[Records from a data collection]
________________________________________
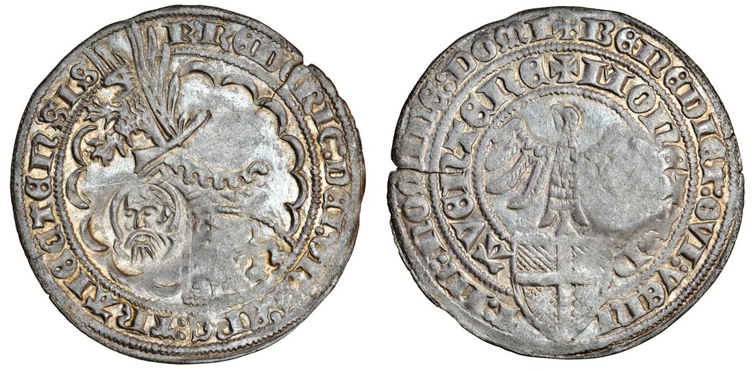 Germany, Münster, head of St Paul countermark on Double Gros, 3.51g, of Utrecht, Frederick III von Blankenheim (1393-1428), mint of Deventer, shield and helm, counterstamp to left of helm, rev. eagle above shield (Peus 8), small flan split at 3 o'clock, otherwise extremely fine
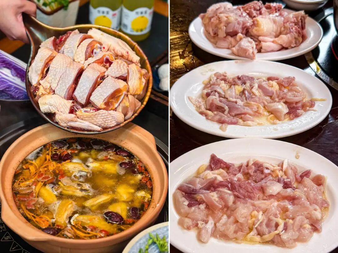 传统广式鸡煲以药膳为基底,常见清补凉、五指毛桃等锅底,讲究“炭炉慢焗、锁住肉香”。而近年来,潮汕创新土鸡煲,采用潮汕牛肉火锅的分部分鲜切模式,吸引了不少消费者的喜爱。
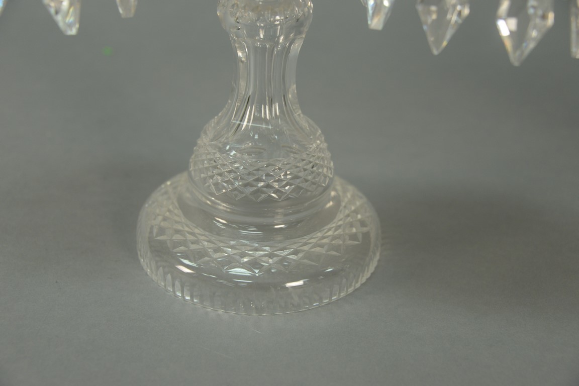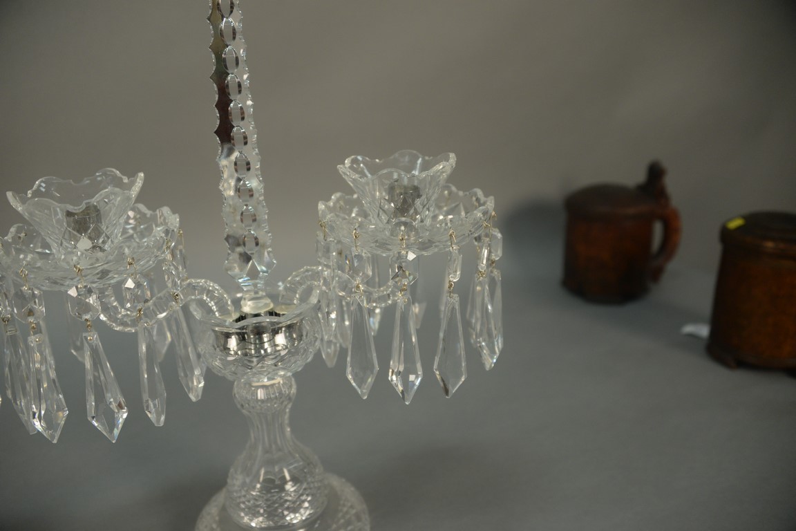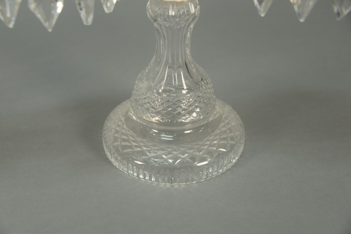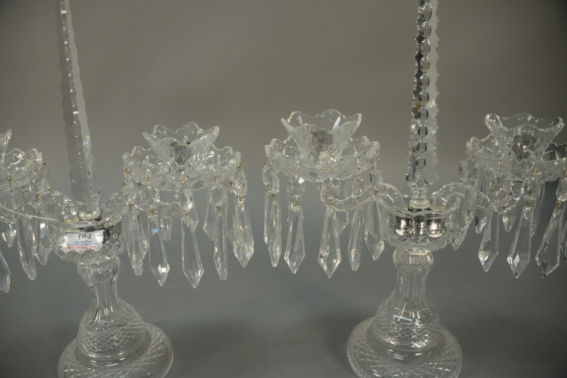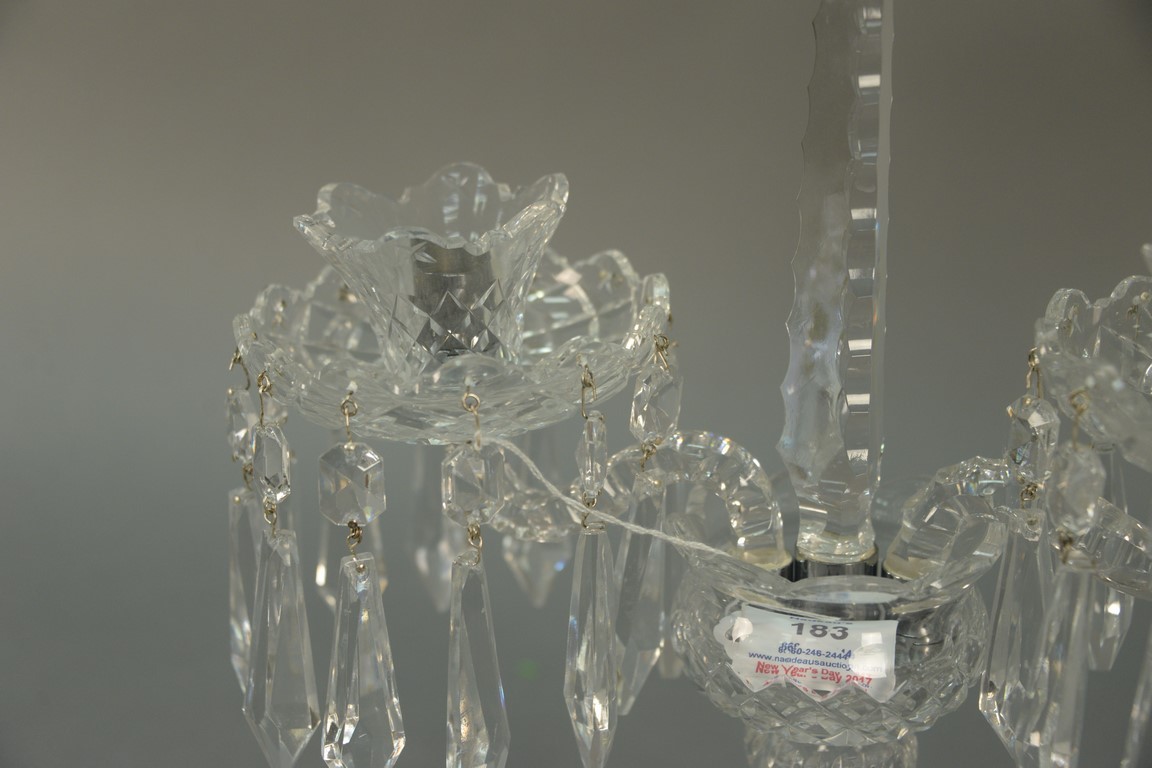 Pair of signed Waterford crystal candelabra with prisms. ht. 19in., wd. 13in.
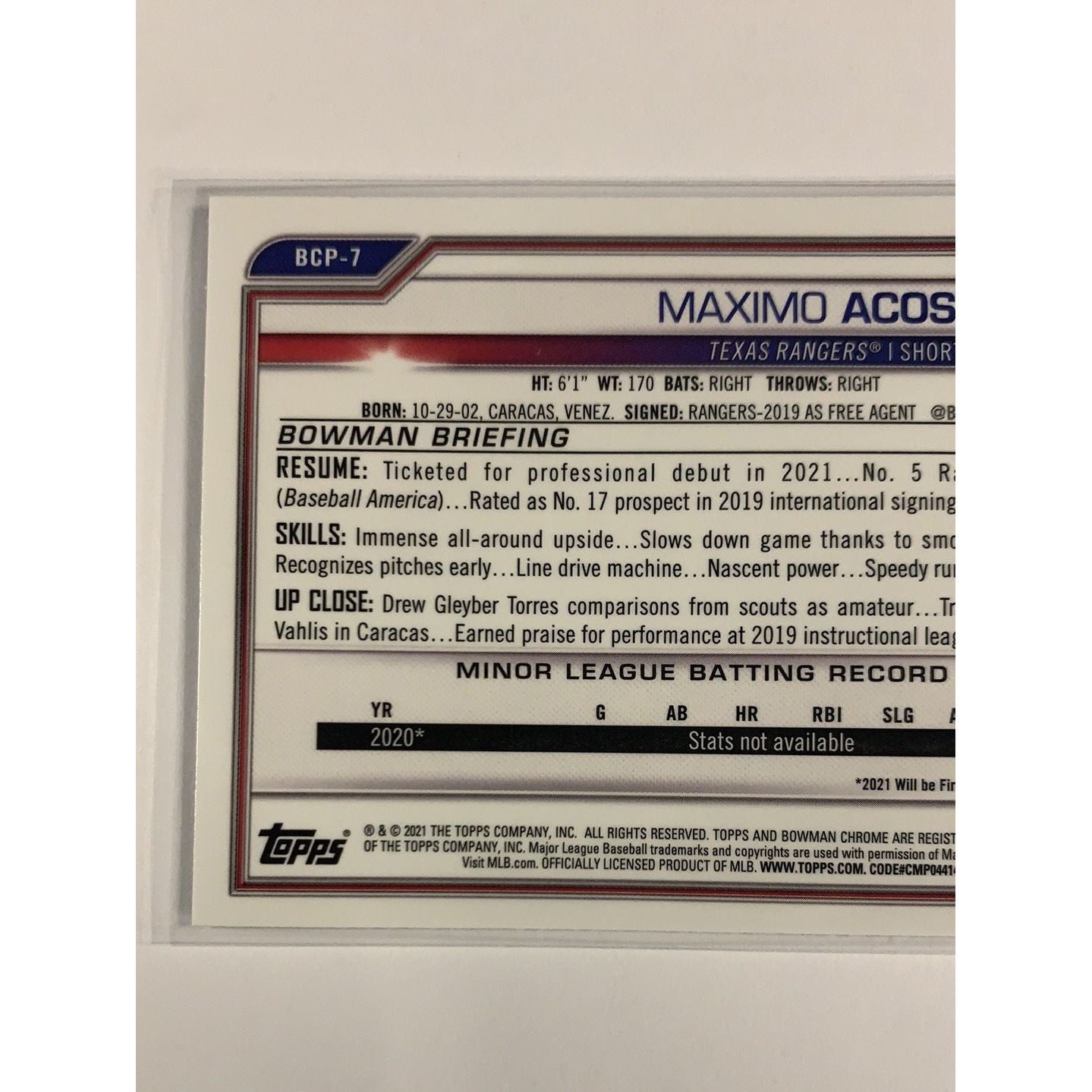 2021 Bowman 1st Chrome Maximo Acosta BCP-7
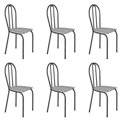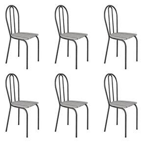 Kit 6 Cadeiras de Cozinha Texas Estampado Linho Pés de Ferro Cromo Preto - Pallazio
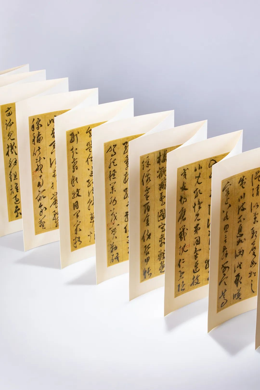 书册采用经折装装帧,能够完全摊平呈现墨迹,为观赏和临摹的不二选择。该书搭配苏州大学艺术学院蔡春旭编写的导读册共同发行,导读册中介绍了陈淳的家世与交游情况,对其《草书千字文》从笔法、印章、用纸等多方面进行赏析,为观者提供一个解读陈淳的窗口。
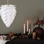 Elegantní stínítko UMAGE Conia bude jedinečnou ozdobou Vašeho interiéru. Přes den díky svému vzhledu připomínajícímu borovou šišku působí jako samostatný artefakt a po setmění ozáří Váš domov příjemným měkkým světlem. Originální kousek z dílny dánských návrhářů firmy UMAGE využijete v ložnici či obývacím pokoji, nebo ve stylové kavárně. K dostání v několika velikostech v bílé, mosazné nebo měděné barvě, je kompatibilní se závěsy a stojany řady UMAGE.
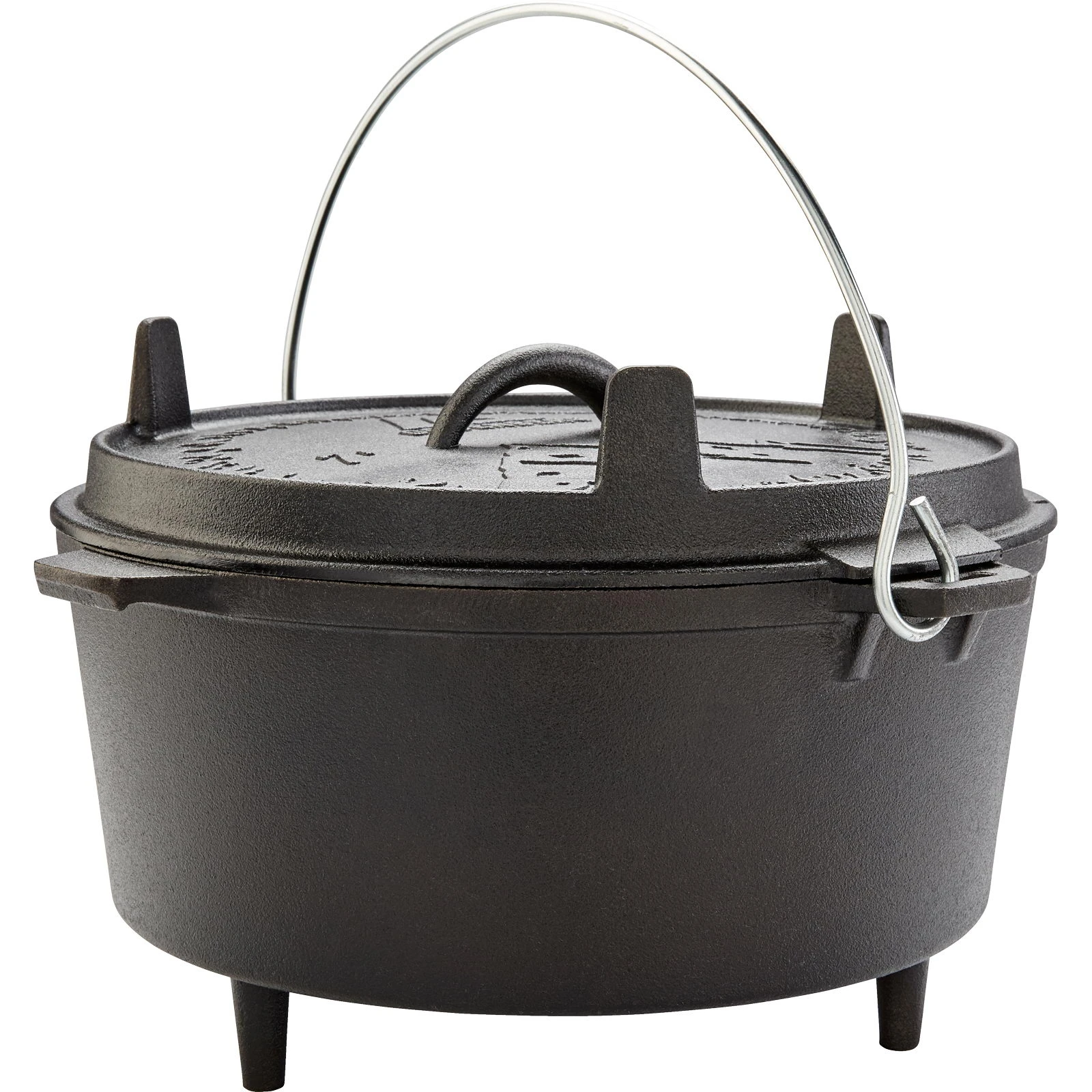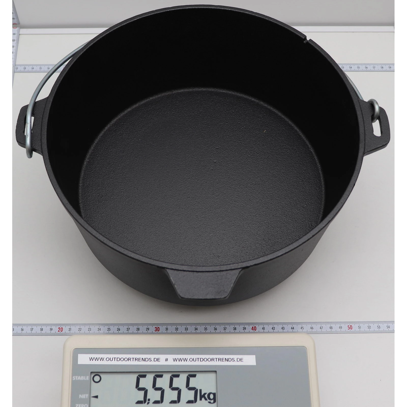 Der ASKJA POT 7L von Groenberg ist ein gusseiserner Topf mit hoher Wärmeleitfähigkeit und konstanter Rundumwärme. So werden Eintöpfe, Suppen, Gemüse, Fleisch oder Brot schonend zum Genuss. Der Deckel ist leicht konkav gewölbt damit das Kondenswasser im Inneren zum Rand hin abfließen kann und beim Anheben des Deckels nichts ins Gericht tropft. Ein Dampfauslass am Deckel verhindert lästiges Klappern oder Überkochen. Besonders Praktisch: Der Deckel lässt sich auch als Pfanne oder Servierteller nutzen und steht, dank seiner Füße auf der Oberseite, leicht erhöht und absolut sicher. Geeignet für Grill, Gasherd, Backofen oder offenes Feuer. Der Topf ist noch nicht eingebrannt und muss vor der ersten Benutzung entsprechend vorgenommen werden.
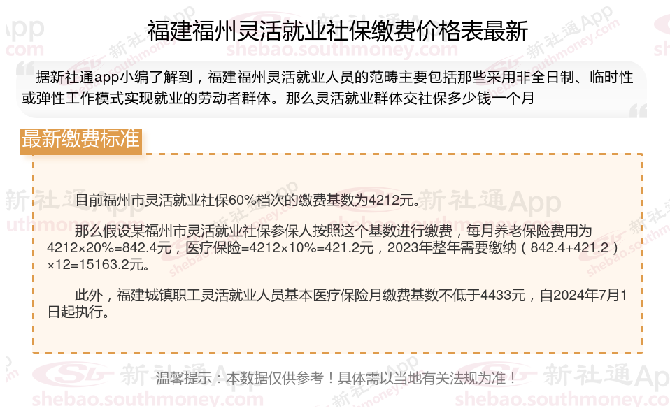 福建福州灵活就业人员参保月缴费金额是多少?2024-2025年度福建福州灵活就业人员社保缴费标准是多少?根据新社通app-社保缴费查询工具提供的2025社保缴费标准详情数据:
________________________________________
### Instructions for the task
Leave the images aside and transcribe all entries exactly.

### Your solution
 Germany, Münster, head of St Paul countermark on Double Gros, 3.51g, of Utrecht, Frederick III von Blankenheim (1393-1428), mint of Deventer, shield and helm, counterstamp to left of helm, rev. eagle above shield (Peus 8), small flan split at 3 o'clock, otherwise extremely fine
 传统广式鸡煲以药膳为基底,常见清补凉、五指毛桃等锅底,讲究“炭炉慢焗、锁住肉香”。而近年来,潮汕创新土鸡煲,采用潮汕牛肉火锅的分部分鲜切模式,吸引了不少消费者的喜爱。
 Pair of signed Waterford crystal candelabra with prisms. ht. 19in., wd. 13in.
 2021 Bowman 1st Chrome Maximo Acosta BCP-7
 Kit 6 Cadeiras de Cozinha Texas Estampado Linho Pés de Ferro Cromo Preto - Pallazio
 书册采用经折装装帧,能够完全摊平呈现墨迹,为观赏和临摹的不二选择。该书搭配苏州大学艺术学院蔡春旭编写的导读册共同发行,导读册中介绍了陈淳的家世与交游情况,对其《草书千字文》从笔法、印章、用纸等多方面进行赏析,为观者提供一个解读陈淳的窗口。
 Elegantní stínítko UMAGE Conia bude jedinečnou ozdobou Vašeho interiéru. Přes den díky svému vzhledu připomínajícímu borovou šišku působí jako samostatný artefakt a po setmění ozáří Váš domov příjemným měkkým světlem. Originální kousek z dílny dánských návrhářů firmy UMAGE využijete v ložnici či obývacím pokoji, nebo ve stylové kavárně. K dostání v několika velikostech v bílé, mosazné nebo měděné barvě, je kompatibilní se závěsy a stojany řady UMAGE.
 Der ASKJA POT 7L von Groenberg ist ein gusseiserner Topf mit hoher Wärmeleitfähigkeit und konstanter Rundumwärme. So werden Eintöpfe, Suppen, Gemüse, Fleisch oder Brot schonend zum Genuss. Der Deckel ist leicht konkav gewölbt damit das Kondenswasser im Inneren zum Rand hin abfließen kann und beim Anheben des Deckels nichts ins Gericht tropft. Ein Dampfauslass am Deckel verhindert lästiges Klappern oder Überkochen. Besonders Praktisch: Der Deckel lässt sich auch als Pfanne oder Servierteller nutzen und steht, dank seiner Füße auf der Oberseite, leicht erhöht und absolut sicher. Geeignet für Grill, Gasherd, Backofen oder offenes Feuer. Der Topf ist noch nicht eingebrannt und muss vor der ersten Benutzung entsprechend vorgenommen werden.
 福建福州灵活就业人员参保月缴费金额是多少?2024-2025年度福建福州灵活就业人员社保缴费标准是多少?根据新社通app-社保缴费查询工具提供的2025社保缴费标准详情数据:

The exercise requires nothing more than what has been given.